Chapter 24
Chapter 24: A Thousand-Year Dream (Part 2)
Song Wei Chen was a pure courtesan in a courtyard called Annex Villa. Her guqin and singing had made her famous; even the Noble Consort favored her, summoning her to perform time and again. That was why she could maintain her aloof, untouched air.
Even when people with terrifying power came and went through the estate, none of them dared to truly lay hands on her. At most, they asked to see her face, drink tea, and exchange a few words.
In the time it took to finish a cup of tea, the servant boy returned with her guest.
The candlelight was dim, but the man’s presence was unmistakable—tall, poised, wearing a dark ink-green robe embroidered with silver bamboo. A refined young master, the sort who belonged under moonlight, not in a place like this.
If he was truly pure as clear wind and bright moon, she thought, why would he leave a card at a pleasure estate?
Her distance returned at once.
“I don’t drink,” she said, tone calm. “If the young master wants wine, please help yourself.”
The young master smiled. “I don’t drink either. May I ask Miss for a cup of tea?”

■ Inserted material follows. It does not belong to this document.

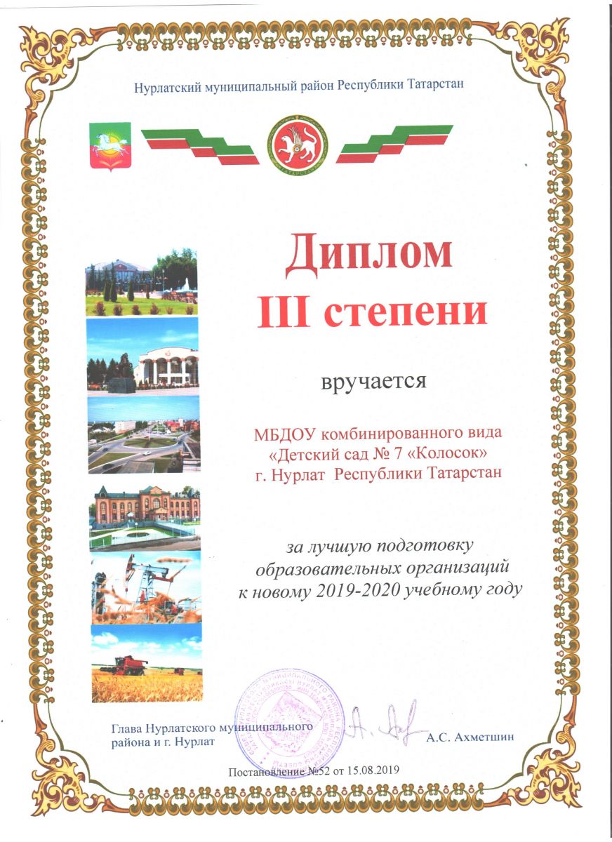 Диплом III степени за лучшую подготовку образовательных организаций к новому 2019-2020 учебному году. Постановление №52 от 15.08.2019г.

There was no trace of alcohol on him. Instead, there was a faint scent like temple incense, likely from a special sachet. It was unexpectedly pleasant.
With that small thread of goodwill, Song Wei Chen poured him tea.
“What guidance does the young master offer tonight?”
“I wouldn’t dare,” he said, glancing around. “I’m simply curious—what does the female assassin beneath these gauze curtains actually look like?”
Song Wei Chen had been lifting her cup; she set it down again, unhurried. “What does the young master mean?”
“Miss played Guang Ling Lament with such skill—sliding, bending, and striking, slow one moment and urgent the next. I listened and felt danger at every turn, hardly daring to breathe. It was like watching Nie Zheng assassinate the King of Han.”
“That kind of sharp, ruthless edge—if you’re not a female assassin, then what are you?”
Song Wei Chen laughed softly. “The young master understands music.”
“In these years, countless people have come to flatter their way into conversation with me. But this ‘female assassin’ angle… at least it’s new.”
“I have something even newer,” he said. “Would you like to hear it?”
Song Wei Chen lifted an eyebrow, half-smiling, and waited.
“The important person I came here to meet tonight listened to Miss’s piece and turned pale. He claimed sudden illness and hurried back to his residence.”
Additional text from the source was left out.